In this moment of transition, there is probably no greater transitional figure than Joe Biden. He is a creature of the late 20th Century, a child of “third way” politics that Democrats depended on to win elections when Republicans held the natural majority, and a generational Rorschach test. Where older voters find him comforting and relatable, younger voters are more likely to find him unexciting and cringeworthy. Where older voters find his ideas non-threatening, younger voters are more likely to dismiss him as out of touch with the urgency of the times. This divide is not about age as much as it is about Biden’s politics and sensibilities. Bernie Sanders and Elizabeth Warren reliably register as the preferred candidates of Millennials and Generation Z. Young people do not have a problem voting for older candidates. They just prefer septuagenarians who call for revolution or big structural change, who speak boldly to concerns like climate change and social justice that many younger voters feel cannot wait.

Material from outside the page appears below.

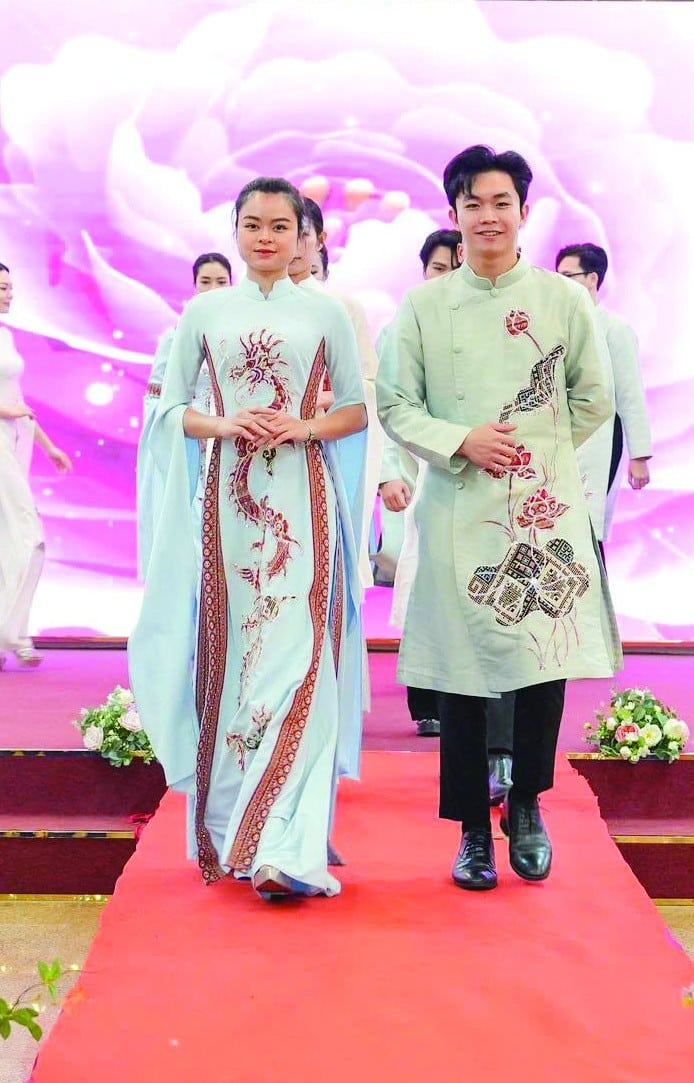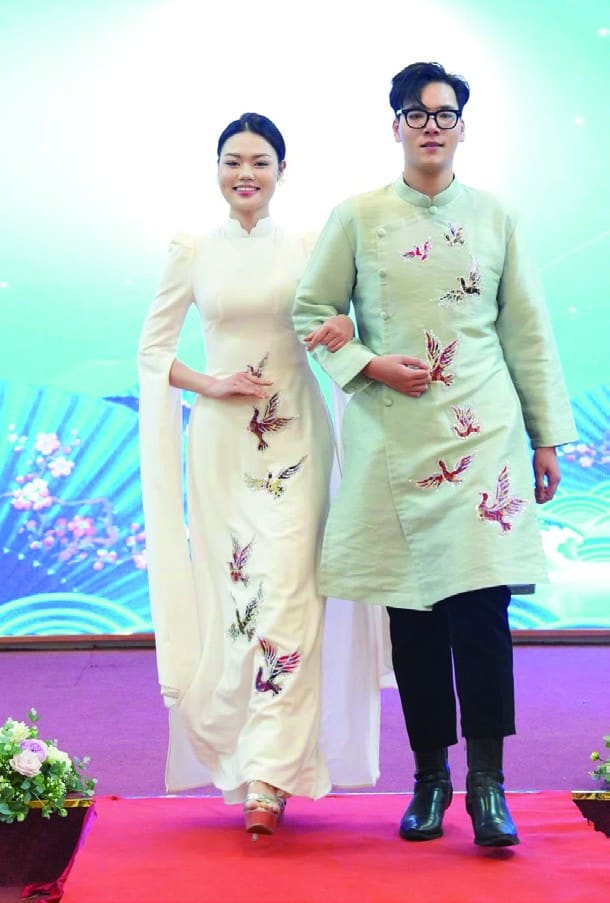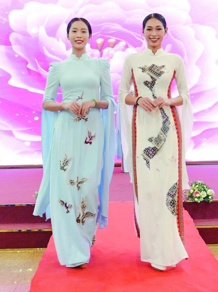 BST Vì Hòa Bình gồm hơn 30 mẫu áo dài cách tân, sử dụng hai gam màu chủ đạo trắng – xanh, tượng trưng cho sự thanh khiết và bình yên. Trên nền chất liệu mềm mại, các họa tiết rồng, phượng, hoa sen, chim bồ câu, bản đồ Việt Nam… và thổ cẩm được xử lý theo phong cách đương đại: Rồng biểu trưng sức mạnh dân tộc. Phượng tượng trưng cho vẻ đẹp và sự thịnh vượng. Hoa sen đại diện cho văn hóa Việt, sự thanh cao. Chim bồ câu biểu tượng toàn cầu của hòa bình, mang ý nghĩa về tự do, thuần khiết và khát vọng sống trong an lành, đoàn kết. Bản đồ Việt Nam khẳng định chủ quyền lãnh thổ. Thổ cẩm, được đắp thêu thủ công, gửi gắm thông điệp về cội nguồn.

For his part, Biden seems to be aware of his transitional status. He demurred when asked at the last debate if he planned to serve two terms, and in the early days of his campaign he made a public display of courting Stacey Abrams, the former minority leader of the Georgia General Assembly who came within 50,000 votes of becoming Georgia governor in a 2018 election marked by rampant voter suppression. One way to bridge the gap between past and future is to put both on the ticket and have the guy at the top offer himself as an interim figure who will tread gently on a traumatized country while demography moves it further to the left, then pass the baton in four years. But Democrats are not united behind this direction. I’ve heard Democrats advocate for pairing Biden with an establishment Midwesterner to go all-in for Wisconsin on the assumption that while the ticket won’t excite progressive voters, the prospect of four more years of Trump will drive them to the polls to vote for the Democrat. Then there are Democrats who prefer to nominate Sanders or Warren and energize the base in an effort to boost turnout among the emerging electorate on the assumption that while the ticket may not have natural appeal to Rust Belt voters, the prospect of four more years of Trump will drive them to the polls to vote for the Democrat.
I do not believe that any of these are optimal ways to approach the situation. In an election that will hinge on turnout, it is risky to count on people showing up to vote against a candidate, even if they harbor strongly negative feelings about him. The wiser move for Democrats would be to start thinking about this transitional moment in inclusive terms. While it is foolish to think that any candidate can appeal across the chasm to the significant minority that wants to prevent the emerging electorate from holding power, a message that can unite the groups that Democrats need to win in November would address the shared suffering derived from decades of Reagan-era politics incurred by all ages and races, in metro areas and on farms, in the Rust Belt and the Sun Belt. It would look to the future, even if that future is slow to emerge, to build a coalition broad enough to win the election now and claim the mandate necessary to take meaningful action afterwards.
New political eras bring with them new ways of speaking about and doing politics. Uncertainty will beget fear, but it can also provide the opportunity to shape the transition — if we are not too afraid to embrace it.